Directions:
Everything in the records below from the line containing "做完以上设定后,点击菜单栏上" through the line containing "This Pool Table" is to be reproduced exactly, those two lines included; no picture is to be copied.

Data to examine:
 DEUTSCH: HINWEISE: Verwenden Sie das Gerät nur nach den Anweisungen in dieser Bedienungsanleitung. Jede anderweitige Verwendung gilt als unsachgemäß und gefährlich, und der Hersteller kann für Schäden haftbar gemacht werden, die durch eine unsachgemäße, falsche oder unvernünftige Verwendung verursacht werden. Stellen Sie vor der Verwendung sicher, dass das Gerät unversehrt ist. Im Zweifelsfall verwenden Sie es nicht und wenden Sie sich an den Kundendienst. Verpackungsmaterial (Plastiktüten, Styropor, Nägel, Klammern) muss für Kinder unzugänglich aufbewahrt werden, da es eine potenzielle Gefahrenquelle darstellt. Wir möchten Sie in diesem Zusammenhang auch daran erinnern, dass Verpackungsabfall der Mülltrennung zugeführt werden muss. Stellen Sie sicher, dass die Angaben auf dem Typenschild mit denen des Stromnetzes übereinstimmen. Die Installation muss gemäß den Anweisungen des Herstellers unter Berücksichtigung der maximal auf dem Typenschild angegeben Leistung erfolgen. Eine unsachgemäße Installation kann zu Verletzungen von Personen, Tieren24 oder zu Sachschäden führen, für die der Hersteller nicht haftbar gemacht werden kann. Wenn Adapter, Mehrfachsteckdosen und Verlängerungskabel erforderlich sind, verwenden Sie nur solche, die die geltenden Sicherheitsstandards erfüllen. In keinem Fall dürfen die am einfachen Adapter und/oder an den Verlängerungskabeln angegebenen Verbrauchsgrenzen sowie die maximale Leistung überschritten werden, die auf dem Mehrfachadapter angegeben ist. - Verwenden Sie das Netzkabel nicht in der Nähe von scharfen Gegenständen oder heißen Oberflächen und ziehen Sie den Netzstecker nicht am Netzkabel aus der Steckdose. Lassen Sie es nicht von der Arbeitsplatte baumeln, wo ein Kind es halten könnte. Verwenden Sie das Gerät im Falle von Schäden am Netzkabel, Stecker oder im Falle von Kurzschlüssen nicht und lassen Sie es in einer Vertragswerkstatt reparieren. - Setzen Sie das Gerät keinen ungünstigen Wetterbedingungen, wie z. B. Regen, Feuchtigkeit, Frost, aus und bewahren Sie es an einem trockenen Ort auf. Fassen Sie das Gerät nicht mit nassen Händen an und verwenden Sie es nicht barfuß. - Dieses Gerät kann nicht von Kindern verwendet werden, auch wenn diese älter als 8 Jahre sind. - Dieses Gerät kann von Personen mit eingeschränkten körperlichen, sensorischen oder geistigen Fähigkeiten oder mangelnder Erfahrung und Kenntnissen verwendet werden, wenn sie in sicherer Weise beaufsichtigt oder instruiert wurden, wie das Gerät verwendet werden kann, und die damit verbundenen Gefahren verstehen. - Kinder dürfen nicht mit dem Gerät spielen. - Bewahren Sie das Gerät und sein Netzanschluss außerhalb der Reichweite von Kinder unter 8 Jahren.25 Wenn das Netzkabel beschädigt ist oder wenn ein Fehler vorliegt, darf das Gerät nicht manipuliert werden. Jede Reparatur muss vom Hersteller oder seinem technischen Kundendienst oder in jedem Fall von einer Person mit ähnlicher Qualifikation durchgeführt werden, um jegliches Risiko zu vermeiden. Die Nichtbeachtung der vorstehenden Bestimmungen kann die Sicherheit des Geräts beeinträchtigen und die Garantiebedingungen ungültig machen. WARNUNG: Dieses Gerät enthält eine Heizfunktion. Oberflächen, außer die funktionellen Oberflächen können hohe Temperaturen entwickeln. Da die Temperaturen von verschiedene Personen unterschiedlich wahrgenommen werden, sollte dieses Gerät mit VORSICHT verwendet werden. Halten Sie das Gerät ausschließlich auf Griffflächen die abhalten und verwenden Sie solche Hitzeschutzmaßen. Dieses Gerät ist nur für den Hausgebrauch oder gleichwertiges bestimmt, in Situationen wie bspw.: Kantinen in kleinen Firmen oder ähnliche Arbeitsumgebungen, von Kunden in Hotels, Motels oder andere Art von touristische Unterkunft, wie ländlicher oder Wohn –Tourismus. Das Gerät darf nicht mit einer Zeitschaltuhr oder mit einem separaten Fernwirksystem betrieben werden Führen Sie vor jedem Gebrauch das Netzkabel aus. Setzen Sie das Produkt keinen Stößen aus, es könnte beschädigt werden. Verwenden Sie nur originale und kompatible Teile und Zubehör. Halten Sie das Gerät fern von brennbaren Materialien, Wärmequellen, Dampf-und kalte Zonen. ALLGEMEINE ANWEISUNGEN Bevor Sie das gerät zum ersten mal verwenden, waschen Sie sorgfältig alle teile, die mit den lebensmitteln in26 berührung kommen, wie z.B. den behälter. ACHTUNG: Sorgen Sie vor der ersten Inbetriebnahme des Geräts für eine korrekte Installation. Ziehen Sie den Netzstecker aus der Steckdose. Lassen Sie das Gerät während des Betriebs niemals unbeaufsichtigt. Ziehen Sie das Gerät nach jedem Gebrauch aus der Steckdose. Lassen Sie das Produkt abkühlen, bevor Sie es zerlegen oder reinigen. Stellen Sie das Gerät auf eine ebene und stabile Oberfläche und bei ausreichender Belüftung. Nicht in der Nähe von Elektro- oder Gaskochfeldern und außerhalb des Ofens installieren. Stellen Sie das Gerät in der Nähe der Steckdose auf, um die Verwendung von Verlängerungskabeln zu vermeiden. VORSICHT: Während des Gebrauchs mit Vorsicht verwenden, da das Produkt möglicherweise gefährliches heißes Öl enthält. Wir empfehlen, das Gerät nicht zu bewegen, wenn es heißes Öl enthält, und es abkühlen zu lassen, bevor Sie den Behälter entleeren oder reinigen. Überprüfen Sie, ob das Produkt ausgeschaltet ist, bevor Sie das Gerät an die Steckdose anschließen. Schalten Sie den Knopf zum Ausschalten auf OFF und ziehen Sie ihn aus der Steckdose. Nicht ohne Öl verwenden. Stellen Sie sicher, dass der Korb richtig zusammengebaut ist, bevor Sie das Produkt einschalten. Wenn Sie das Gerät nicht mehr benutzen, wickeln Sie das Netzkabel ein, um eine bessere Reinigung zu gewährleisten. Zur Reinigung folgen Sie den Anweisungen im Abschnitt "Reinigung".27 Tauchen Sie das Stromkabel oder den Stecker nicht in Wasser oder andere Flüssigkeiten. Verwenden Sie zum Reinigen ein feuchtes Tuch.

...

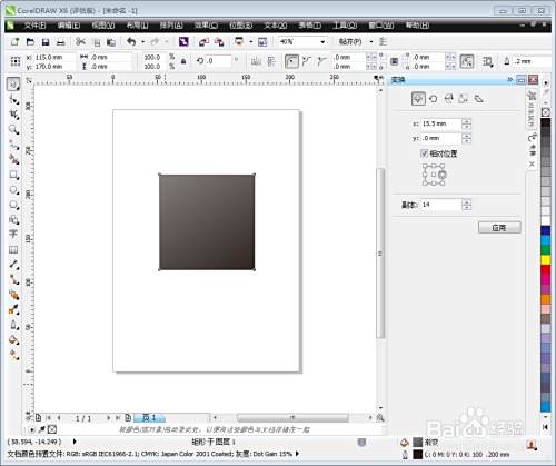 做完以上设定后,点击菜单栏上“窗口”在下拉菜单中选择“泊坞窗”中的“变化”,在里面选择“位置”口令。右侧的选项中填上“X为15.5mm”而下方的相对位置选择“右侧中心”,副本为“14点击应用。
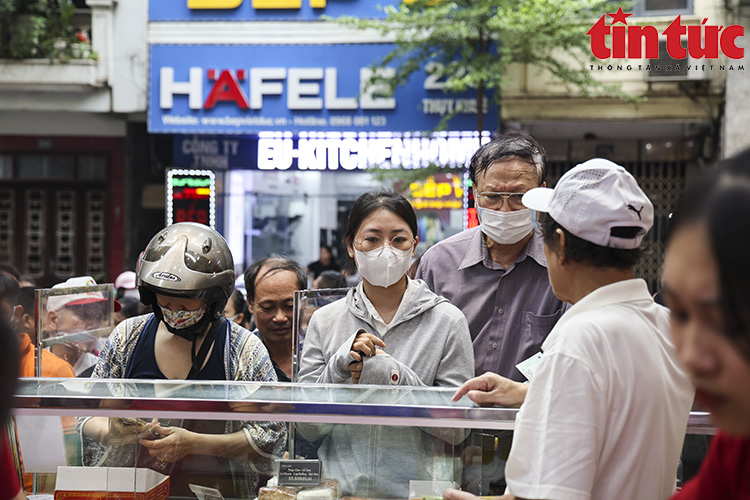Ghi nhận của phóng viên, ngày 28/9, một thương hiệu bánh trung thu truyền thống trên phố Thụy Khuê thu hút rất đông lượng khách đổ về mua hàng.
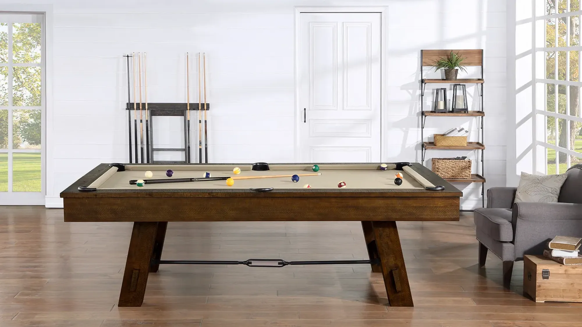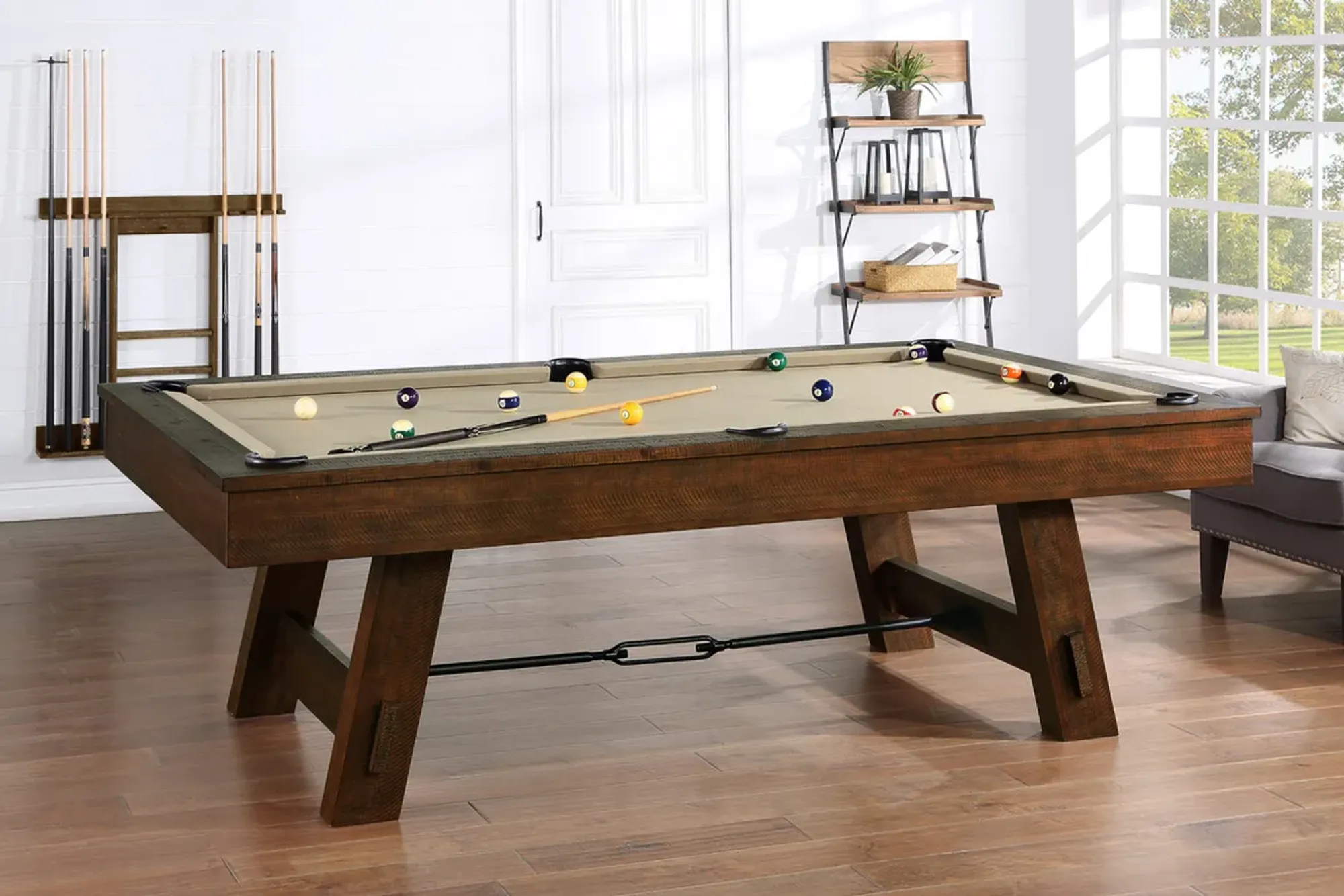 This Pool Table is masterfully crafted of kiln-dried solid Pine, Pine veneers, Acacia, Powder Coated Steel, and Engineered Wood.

Written response:
 做完以上设定后,点击菜单栏上“窗口”在下拉菜单中选择“泊坞窗”中的“变化”,在里面选择“位置”口令。右侧的选项中填上“X为15.5mm”而下方的相对位置选择“右侧中心”,副本为“14点击应用。
Ghi nhận của phóng viên, ngày 28/9, một thương hiệu bánh trung thu truyền thống trên phố Thụy Khuê thu hút rất đông lượng khách đổ về mua hàng.
 This Pool Table is masterfully crafted of kiln-dried solid Pine, Pine veneers, Acacia, Powder Coated Steel, and Engineered Wood.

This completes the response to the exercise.